The line with "Kate Spade,Halo Glazed" marks the first line to copy, and the line with "أوضح حسن محرم" marks the last. Transcribe that stretch of the data below exactly, without pictures.

Data under study.
########
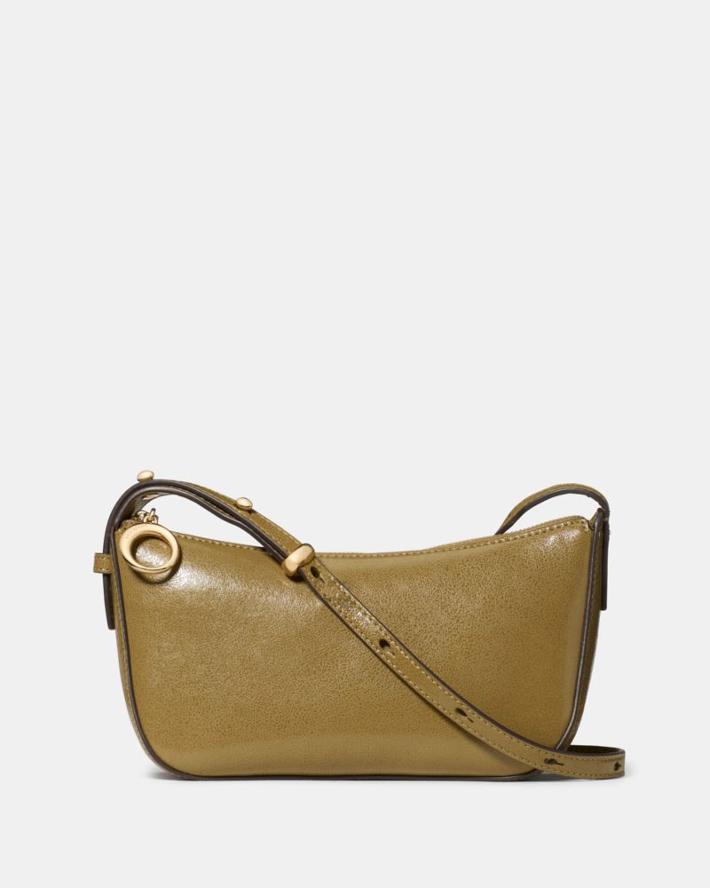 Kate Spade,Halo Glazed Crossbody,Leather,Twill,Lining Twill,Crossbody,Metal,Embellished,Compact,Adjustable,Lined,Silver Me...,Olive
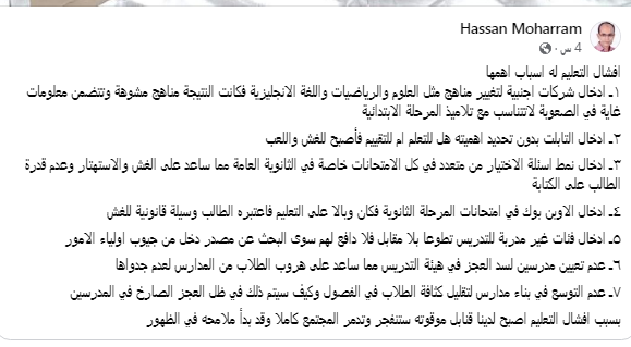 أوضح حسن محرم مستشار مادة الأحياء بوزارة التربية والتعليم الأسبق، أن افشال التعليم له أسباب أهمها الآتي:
########
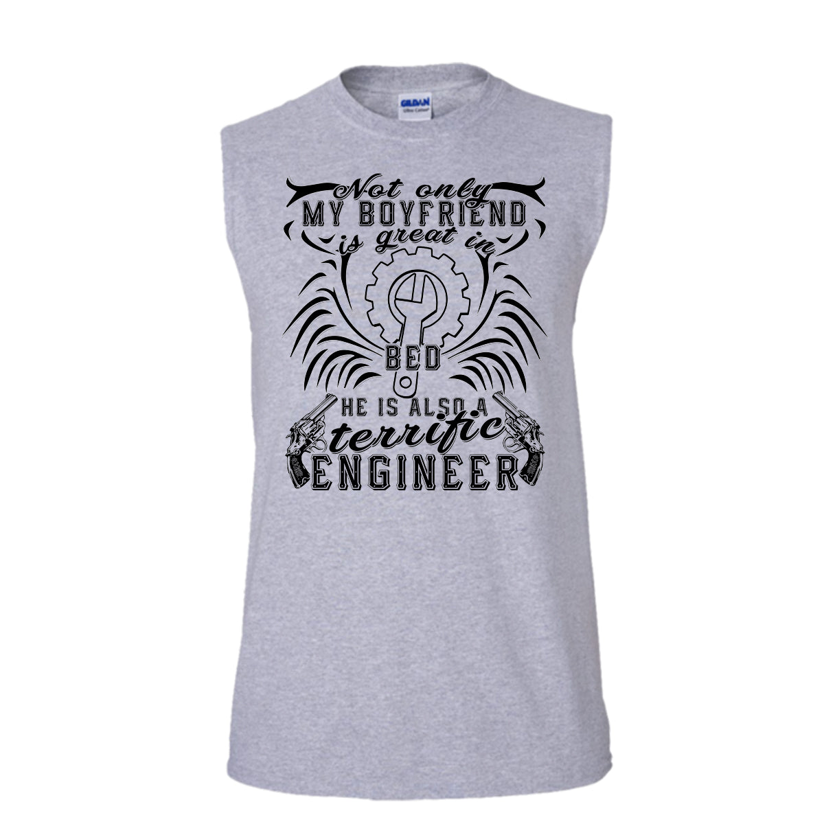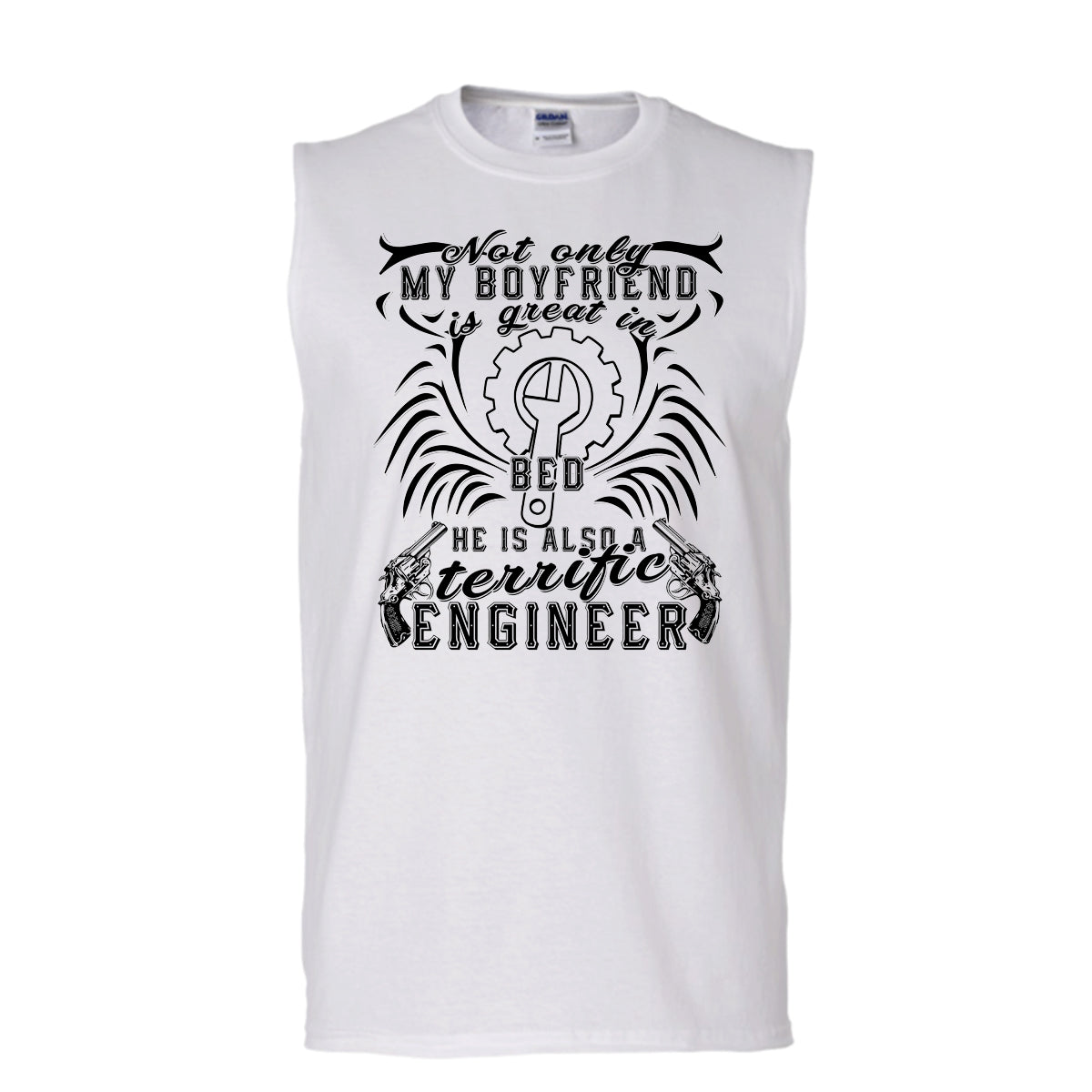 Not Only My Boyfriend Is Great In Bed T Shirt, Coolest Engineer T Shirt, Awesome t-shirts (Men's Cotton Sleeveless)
########
Worked solution.
 Kate Spade,Halo Glazed Crossbody,Leather,Twill,Lining Twill,Crossbody,Metal,Embellished,Compact,Adjustable,Lined,Silver Me...,Olive
 أوضح حسن محرم مستشار مادة الأحياء بوزارة التربية والتعليم الأسبق، أن افشال التعليم له أسباب أهمها الآتي:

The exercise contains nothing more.